■ Work task ■
As soon as the line containing "This system is" appears, start repeating lines exactly and continue to the end of the entries; please skip pictures.

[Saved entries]
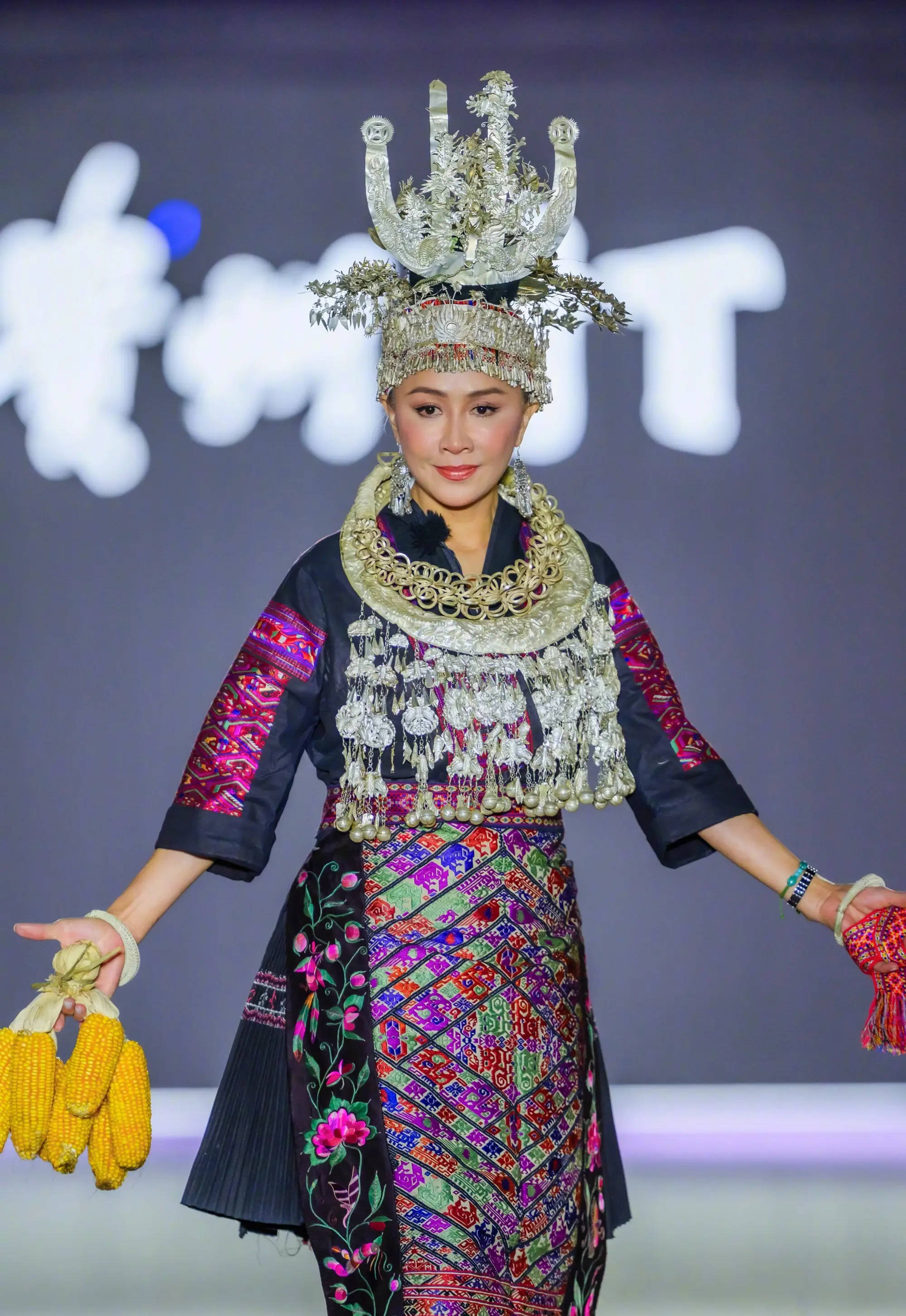 刘嘉玲穿着民族服饰,手里拿着玉米在T台上走秀,状态在线!
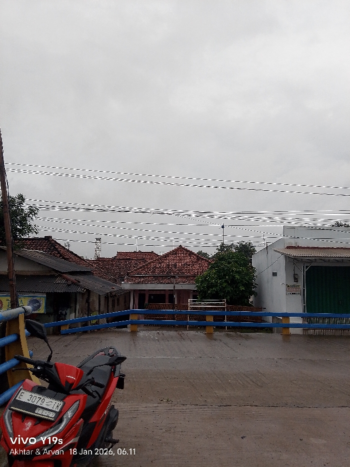 A red Honda motorcycle is parked on a wet road. Houses with red tile roofs and a building with a green door are in the background. A blue and yellow railing runs across the road, likely a bridge. Power lines stretch across the overcast sky. The photo was taken on January 18, 2026.
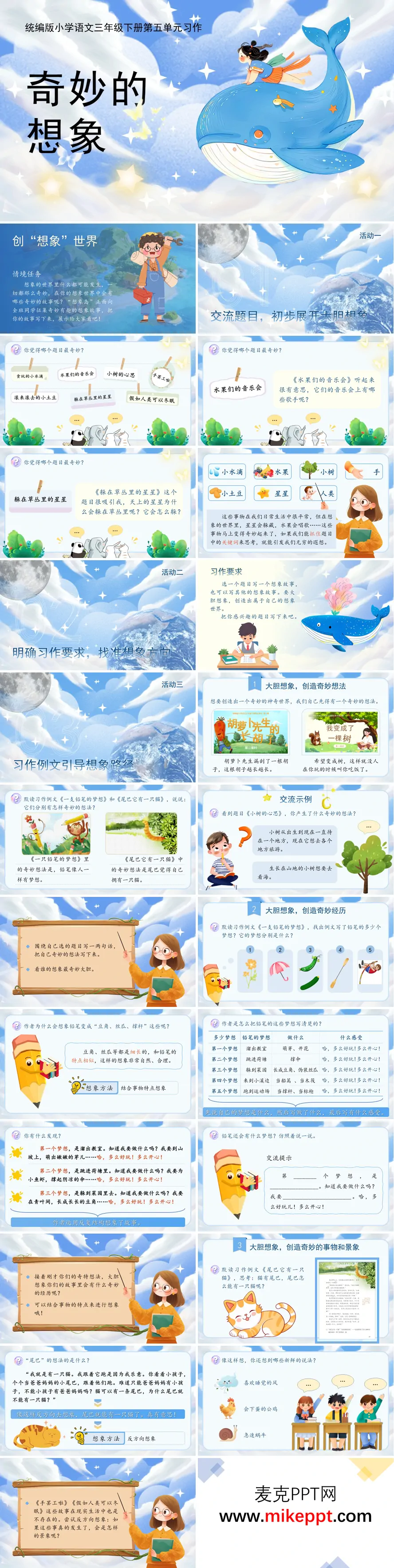 这是一套专为小学语文三年级下册第五单元习作《奇妙的想象》精心设计的教学课件,以"创想象世界"为核心主题,通过四大递进式教学环节,系统引导学生从感知想象、学习技法到实践创作、交流提升,完成一次完整的想象习作之旅,充分激发学生的创新思维与表达潜能。 课件开篇巧妙创设教学情境,以一组充满童趣的习作题目吸引学生目光——"贪吃的小水滴"会经历怎样的冒险?"躲在草丛里的星星"有着什么秘密?"滚来滚去的小土豆"将踏上何种旅程?"假如人类可以冬眠"世界会发生什么变化?这些新颖有趣的题目瞬间打开学生的思路,引导他们初步展开大胆想象,感知想象题材的无限趣味与广阔空间。在此基础上,课件明确本次习作的核心要求:从提供的题目中选择自己最感兴趣的一个,也可以自拟题目,写一个想象故事,鼓励学生自主选择、自由表达。 核心教学环节采用"例文引路、方法拆解"的策略,通过三篇典型范文为学生搭建写作支架。结合《一支铅笔的梦想》这一经典文本,详细讲解依托事物特点展开想象的构思方法——铅笔细长可以当船篙、可以当木筏、可以当撑杆,铅笔尖尖可以当标枪,引导学生发现想象要建立在事物固有特征之上;同时分析文中运用反复结构("知道我要做什么吗?""哈,多么好玩!多么开心!")组织多个奇妙经历的写作技巧,让故事既丰富又有节奏感。结合《尾巴它有一只猫》这一逆向思维范本,传授反方向想象的大胆技法——打破"猫有尾巴"的常规认知,想象"尾巴有一只猫"的奇妙关系,启发学生从相反角度、逆向立场思考问题,创造出出人意料又在情理之中的想象世界。 最后的练习写作与交流评价环节注重实践运用与互动提升。课件提供清晰的评价标准,如"想象是否大胆新奇""故事是否完整有趣""情节是否清楚连贯"等,引导学生进行自评与互评;鼓励学生大胆运用所学方法,将头脑中的奇妙构思转化为完整的文字故事;通过小组交流、全班分享、互相提建议等方式,在思维碰撞中完善作品,在修改打磨中提升想象能力与表达水平。整套课件让学生在趣味盎然的创作活动中逐步解锁想象密码,学会用独特的视角观察世界,用奇妙的故事表达自我,最终写出属于自己的奇妙想象世界,充分体现了习作教学"激趣—授法—实践—提升"的完整链条。
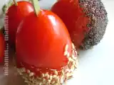 Ingrédients: Pour 12 sucettes de tomates aux graines : 12 tomates cerises 300 g de sucre en poudre 50 g de graines de sésame 30 g de graines de pavot Pour une...
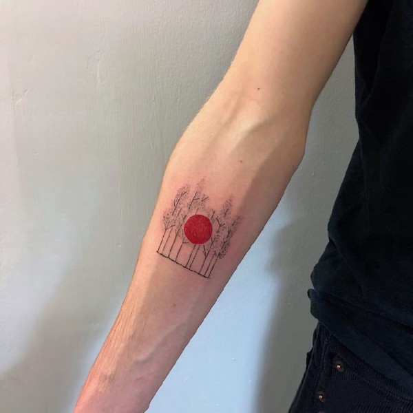 手臂纹身图片 男生手臂上大树和太阳纹身图片
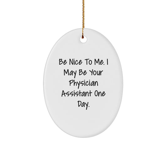 Funny Physician Assistant Gifts from Friends - 'Be Nice To Me' Oval Ornament for Christmas
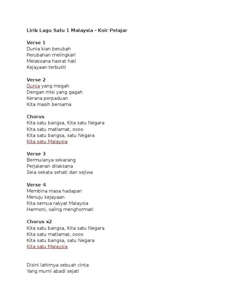 Lirik Lagu Satu 1 Malaysia Koir Pelajar Verse 1 Dunia
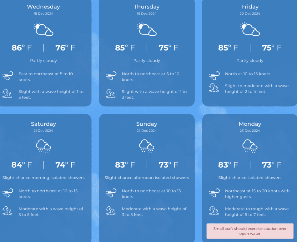 IMPORTANT NOTICEThe times reflected in the tidal table for Grand Cayman are predictions valid as references for sports fishing in areas near the coast of Grand Cayman. THEY ARE NOT SUITABLE FOR NAVIGATION. Remember that to practice any activity at sea like diving, windsurfing and fishing from a boat or underwater fishing should always be consulted with the official tide tables of the port of Grand Cayman.
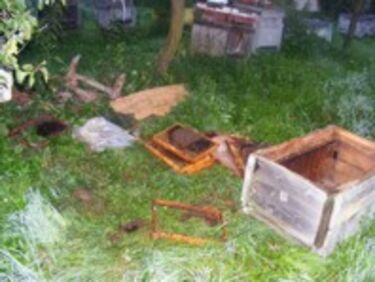 Hat keret teljesen tönkrement, a kaptárak tetejét megrongálta (képünk) — közölte Deák Ferenc, akinek a kertje, érdekes módon, nem a hegylábra, az erdő felé nyílik, hanem az Olt árterületére lejt.
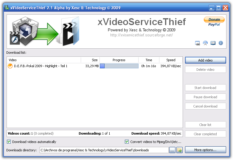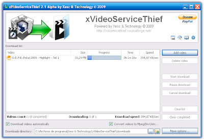 xVideoServiceThief把視頻網站上的的影片下載回來及轉檔,目前支援76個視頻網站,可以把影片轉為AVI、MPEG1,MPEG2、WMV、MP4、3GP、MP3等格式。
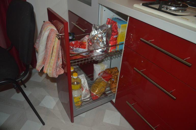 Начнём от колонны. Верхний ящик фото показывать не буду, там лежит мои мелочи для свече и мыловарения) Далее полочка для СВЧ, пока там стоит и внизу ящик под хознужды - там храняться всякие формы для духовки, мусорные пакеты, пакетики, свечи запасные, шпажки и прочая мелочь. Очень удобно, что они выкатные.
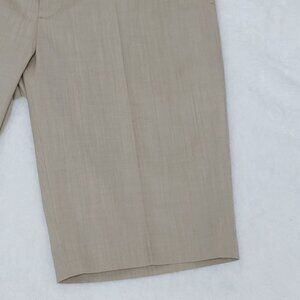 BANANA REPUBLIC Beige, regular waist, zipper fly, 2 front and 2 back pockets, all lined, bermudas, size 10/12 ( Size was not on the bermudas but I compared the measurements with the Banana Republic size guide). Great pre-loved condition, no major flaws but just a tiny stain at the back as shown on the picture. Nice light fabric with almost no stretch to it. Perfect business casual bermudas for the summer.
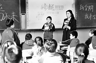 2月16日,山东青岛中德生态园小学,老师和学生在开学第一课上交流冬奥的故事。新华社发
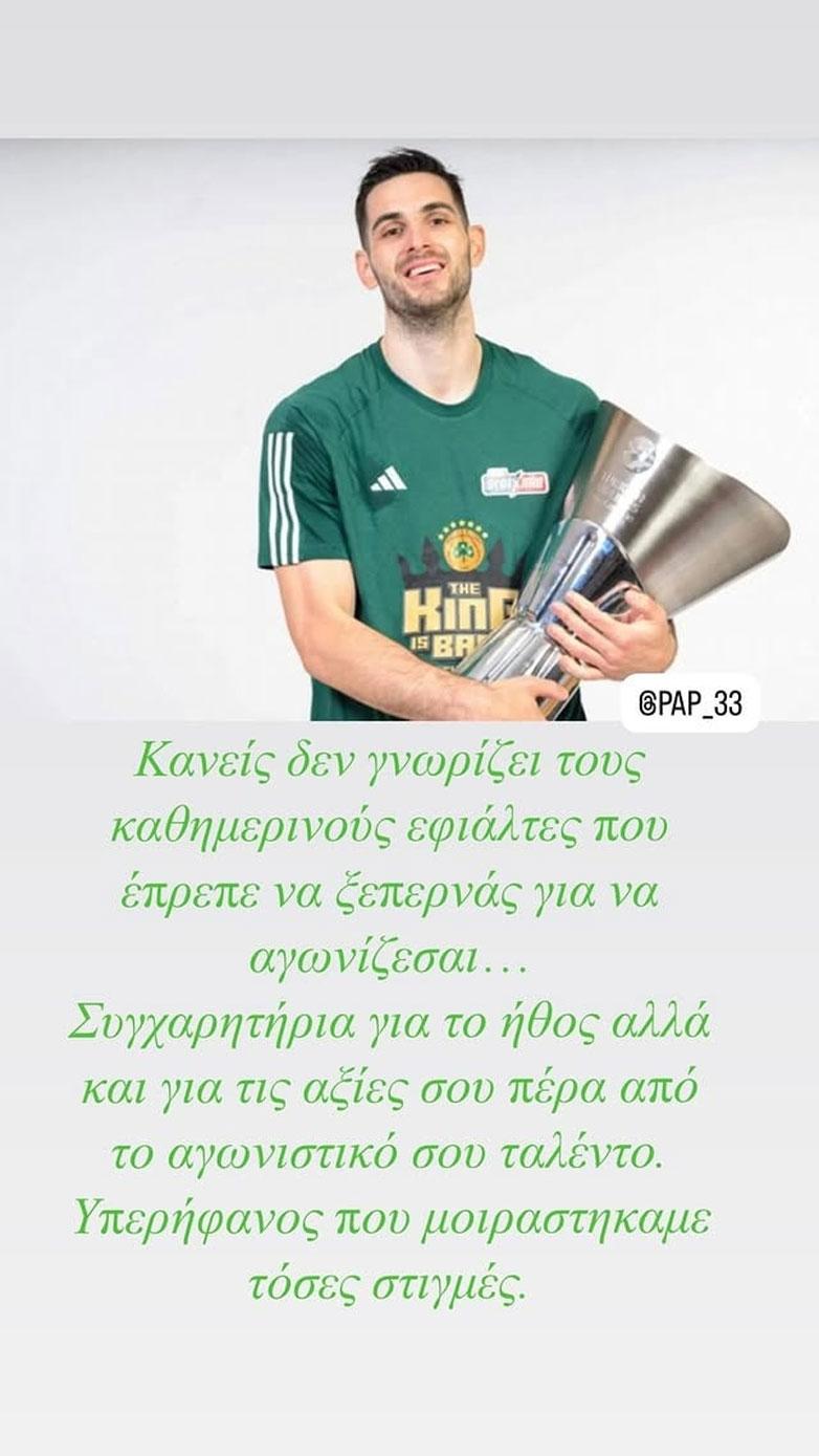 Συγχαρητήρια για το ήθος, αλλά και για τις αξίες σου πέρα από το αγωνιστικό σου ταλέντο. Υπερήφανος που μοιραστήκαμε τόσες στιγμές».
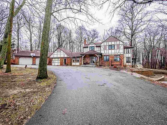 Have you been looking for a large wooded lot close to town, yet secluded? Look no further! The 4 bedroom, tudor-style home with attached 3 car garage sits on a picturesque wooded lot, behind a circular driveway. The outdoor space has plenty of room for entertaining or gardening! A generous foyer and formal dining room greet guests. The open kitchen, with seating at the breakfast bar, adjoins an additional dining area and family room (with fireplace). The den boasts a second fireplace and loads of space! Do you like watching wildlife? There's plenty of space to enjoy a board game or a cup of coffee in the 3 seasons room! All four bedrooms, (and laundry area!) are located on the upper level. The walkout basement provide a great area to stay inside and enjoy the projection unit for a cozy family movie night. Hurry! This home is a must-see!
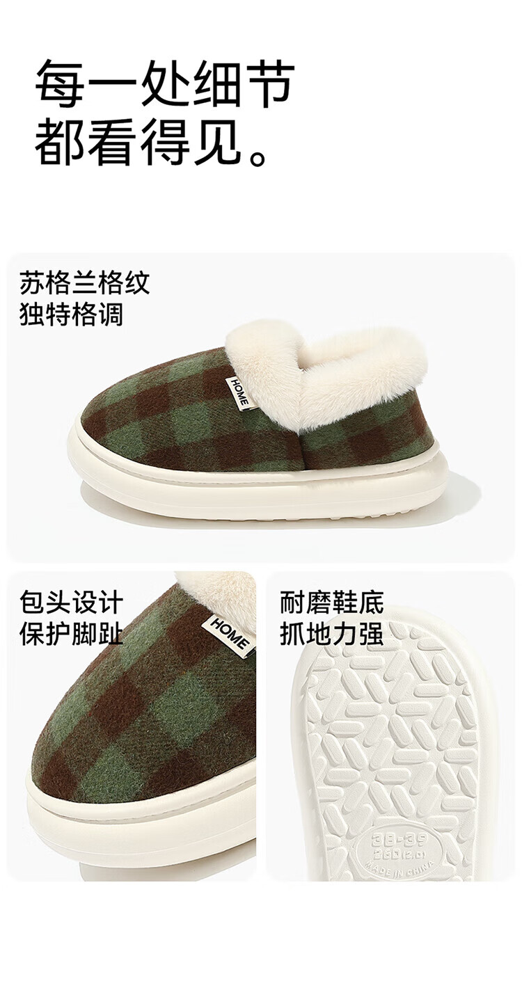 FZT2025新款秋冬季包跟棉拖鞋女士居家室内用静音保暖防滑毛绒棉鞋男 孔雀绿 44-45 【适合43-44】
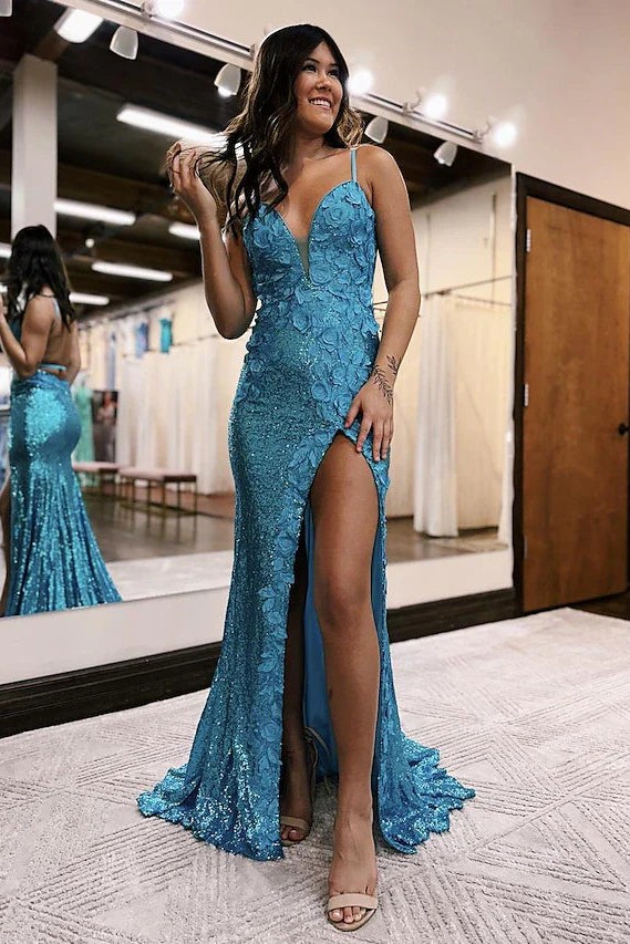 Mermaid Sleeveless V Neck Prom Dresses Dress Backless with Sequin Appliques
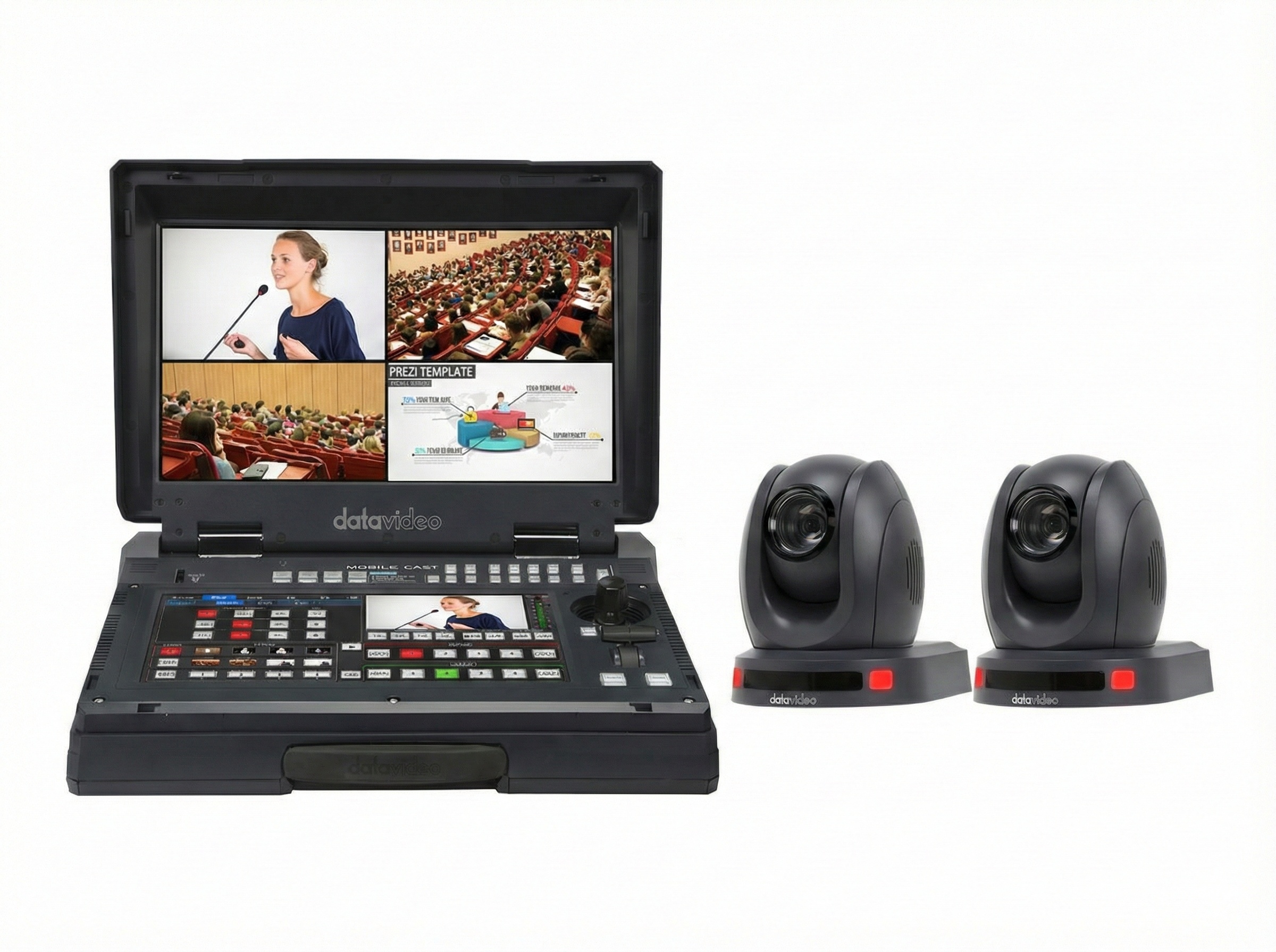 This system is suited to classrooms, auditoria, houses of worship and corporate stages where automated PTZ tracking and streamlined production are required. Operators can rely on preset recall, multiple framing modes and an integrated audio mixer to produce multi-camera programs with minimal crew. The package supports simultaneous streaming and local recording for distribution and archive workflows.
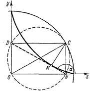Если теперь принять и на оси ординат отложить отрезок ОС == 2, соединить затем точку С с точкой А(1, 0), а точку пересечения прямой СА с циссоидой соединить с точкой О и продолжить полученный отрезок до пересечения с касательной, то, как это следует из формул (5) и (6), отрезок AD и будет равен
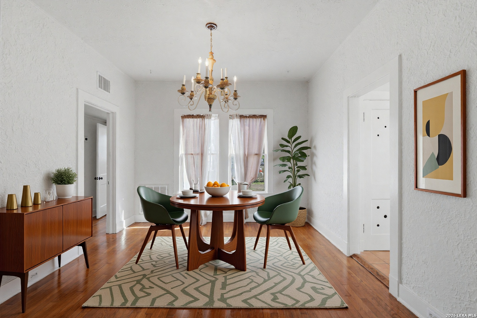 Welcome to 1446 Fulton Ave, the Architect's Home in the Historic Keystone Neighborhood. A beautifully designed 3 bedroom home intentionally restored from the ground up to full historical detail including the stucco exterior, Moroccan red roof tiles, and preserved wood framed windows. With almost 1,300 square feet of thoughtfully appointed living space, step inside to find the family room filled with abundant natural light through original windows, a fireplace, hardwood floors, and an absolutely stunning curved ceiling that is sure to impress. The living area flows seamlessly into a formal dining room opening up the space for gatherings. The kitchen maintains the character of the home built in the 1920's including a gas stove, range hood, abundant cabinets and additional breakfast seating. Three bedrooms enables flexibility for a family or a home office. The bathroom has been fully updated, as well. Outdoors, enjoy the large yard situated on a corner lot and a well-maintained backyard. The enclosed garage and an additional room for work space or a hobby room completes this appealing package. All this within minutes from downtown San Antonio, with major highway access to shopping, dining, The River Walk, The Pearl, and Historic Market Square. This property is beautifully maintained, move-in ready and offers the perfect balance of historic style, modern function, and location!

■ Solution ■
 This system is suited to classrooms, auditoria, houses of worship and corporate stages where automated PTZ tracking and streamlined production are required. Operators can rely on preset recall, multiple framing modes and an integrated audio mixer to produce multi-camera programs with minimal crew. The package supports simultaneous streaming and local recording for distribution and archive workflows.
Если теперь принять и на оси ординат отложить отрезок ОС == 2, соединить затем точку С с точкой А(1, 0), а точку пересечения прямой СА с циссоидой соединить с точкой О и продолжить полученный отрезок до пересечения с касательной, то, как это следует из формул (5) и (6), отрезок AD и будет равен
 Welcome to 1446 Fulton Ave, the Architect's Home in the Historic Keystone Neighborhood. A beautifully designed 3 bedroom home intentionally restored from the ground up to full historical detail including the stucco exterior, Moroccan red roof tiles, and preserved wood framed windows. With almost 1,300 square feet of thoughtfully appointed living space, step inside to find the family room filled with abundant natural light through original windows, a fireplace, hardwood floors, and an absolutely stunning curved ceiling that is sure to impress. The living area flows seamlessly into a formal dining room opening up the space for gatherings. The kitchen maintains the character of the home built in the 1920's including a gas stove, range hood, abundant cabinets and additional breakfast seating. Three bedrooms enables flexibility for a family or a home office. The bathroom has been fully updated, as well. Outdoors, enjoy the large yard situated on a corner lot and a well-maintained backyard. The enclosed garage and an additional room for work space or a hobby room completes this appealing package. All this within minutes from downtown San Antonio, with major highway access to shopping, dining, The River Walk, The Pearl, and Historic Market Square. This property is beautifully maintained, move-in ready and offers the perfect balance of historic style, modern function, and location!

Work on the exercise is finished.